Jordy Rose jediknil at belkadan.com
Thu Apr 26 18:00:19 PDT 2012


There are a couple ways to do this. If the warnings have individual flags (-Wfoo), you can disable them individually (-Wno-foo). This is probably what you want, and what existing users of Clang and GCC are familiar with.

If the warning you're interested in does /not/ have an individual flag (and most warnings mention which flag they're associated with in their diagnostic message), you could even file a bug, since we're working towards getting every warning under a flag.

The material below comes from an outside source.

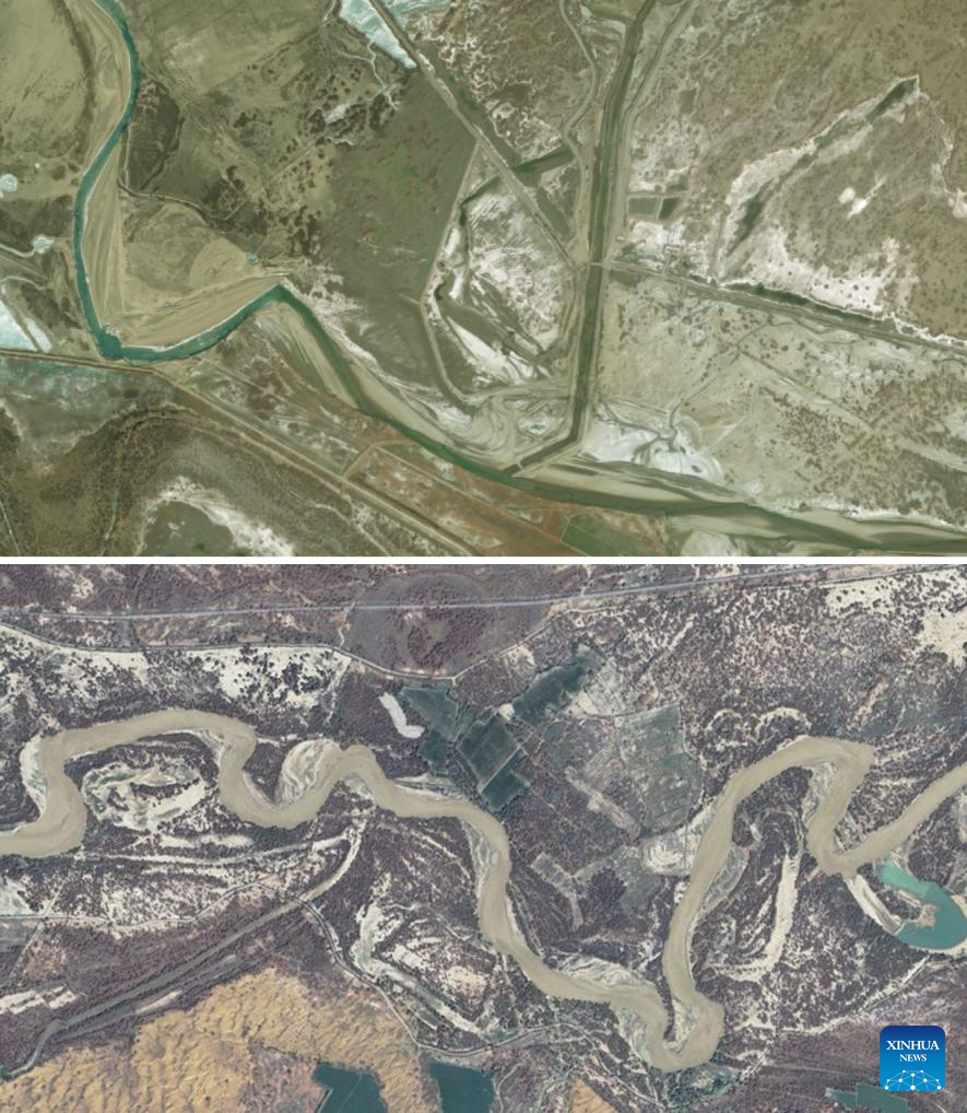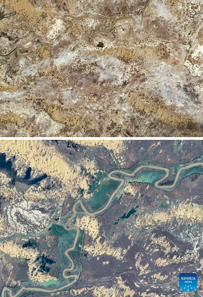 This combo photo shows the satellite images of the Wusiman River and its surrounding areas taken on Aug. 14, 2010 (above) and on Aug. 8, 2024 (below) in Yuli County, Mongolian Autonomous Prefecture of Bayingolin, northwest China's Xinjiang Uygur Autonomous Region. (Xinhua)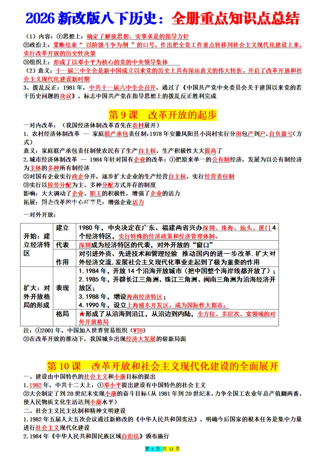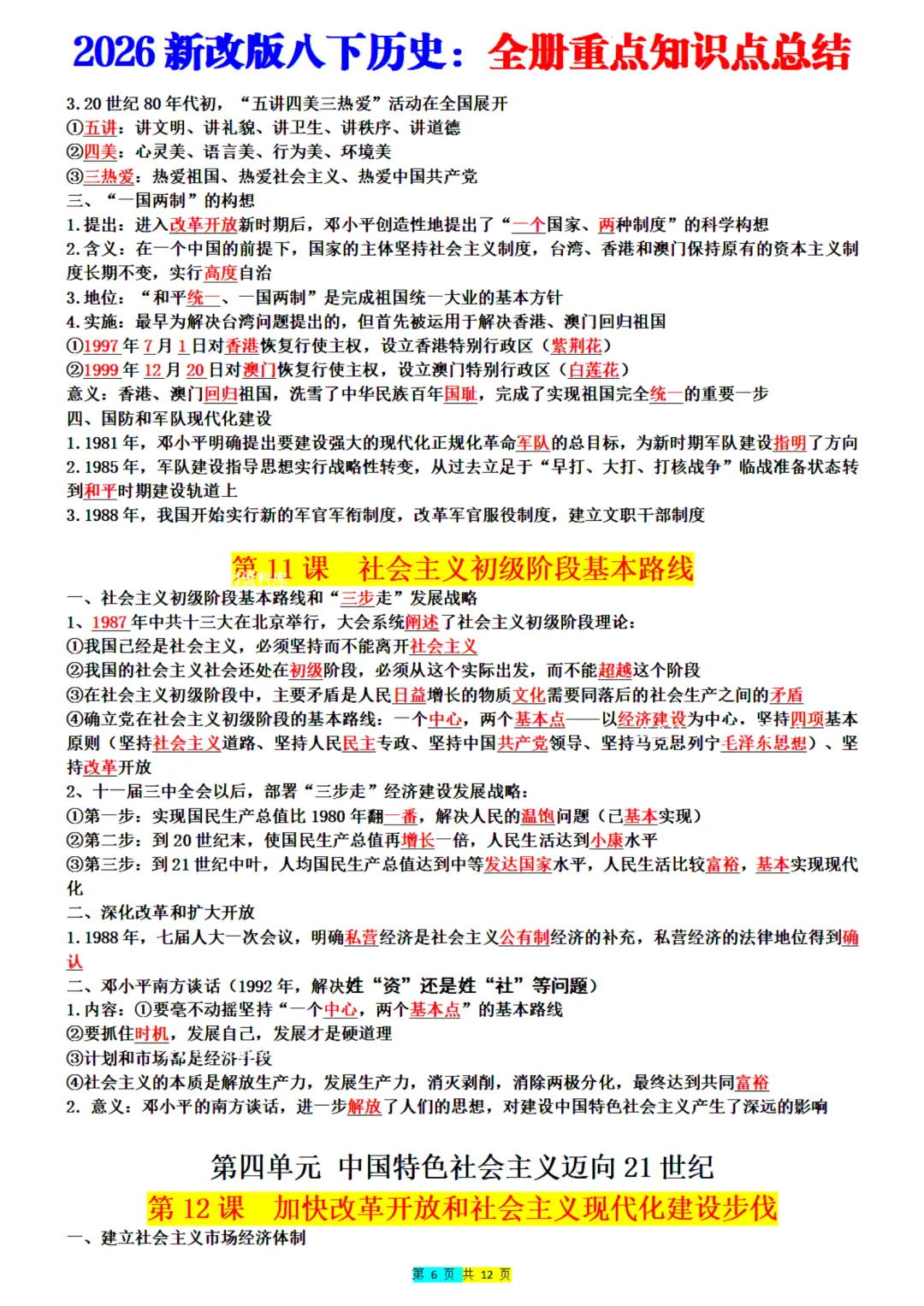 2026年最新版八年级下册历史全册重点知识点总结,老师整理了完整电子版,可打印,建议家长打印,学霸人手一份!

It's possible the warning /does/ have a flag, but doesn't say in the diagnostics, in which case you could see if it's in GCC's list of warnings. (Anything we both warn about, we try to make compatible with GCC, and sadly their warnings have better documentation.)

Even then, though, it might be better to use GCC's diagnostic pragmas to only disable the warnings around dubious practices A and B. Clang supports these pragmas; check out http://gcc.gnu.org/onlinedocs/gcc/Diagnostic-Pragmas.html for their usage.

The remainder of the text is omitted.